1. Install the dependencies to deploy from npm

```
npm install -g @openaddresses/deploy
```
2. Set up your credentials by navigating to the AWS SSO login page, and selecting "Command Line Access" to copy the temporary credentials. paste these to `~/.aws/credentials` and rename the AWS profile (ask Ryan for this.)
3. `touch ~/.deployrc.json` and fill it with
```
   {
    "profilename": {
        "region": "us-east-1"
    }
}
```
4. run deploy init to generate a `.deployrc.json` config for the repo. both the local and global config are needed to deploy. Fill in args when prompted based on the profile name
5. commit and make a PR with any changes. wait for all github actions to complete so that the model archives and docker images are built
6. `deploy update prod` to deploy changes to prod


### (Potentially) Frequently Asked Questions
Q: Why two services?

A: We're exploring cost effective ways to run image encoding in a separate, on-demand way from the CPU decoder. Eventually we'd like to remove the need for the CPU torserve on the backend and run the decoding in the browser.

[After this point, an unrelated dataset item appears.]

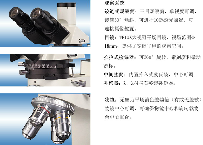 | intermediate tube | Built-in polarizer, can freely switch between normal observation and polarization observation, 90 ° swirl/spin, with scale, vernier grid value 12 '; push-in Boehr mirror, center adjustable; λ compensator; λ/4 compensator; quartz wedge compensator; |

Q: Can I contribute or ask questions?

A: This is currently more of a "working in the open" type repo that we'd like to share with others, rather than a maintained project. But feel free to open an issue if you have an idea. Please understand if we don't respond or are slow to respond.

## License

The model and code is licensed under the [Apache 2.0 license](LICENSE).

## References

Kirillov, A., Mintun, E., Ravi, N., Mao, H., Rolland, C., Gustafson, L., ... Girshick, R. (2023). Segment Anything. *arXiv:2304.02643*. https://github.com/facebookresearch/segment-anything

The scripts/export_onnx_model.ipynb and notebooks/sam_onnx_model_example_fox.ipynb are from the original repo.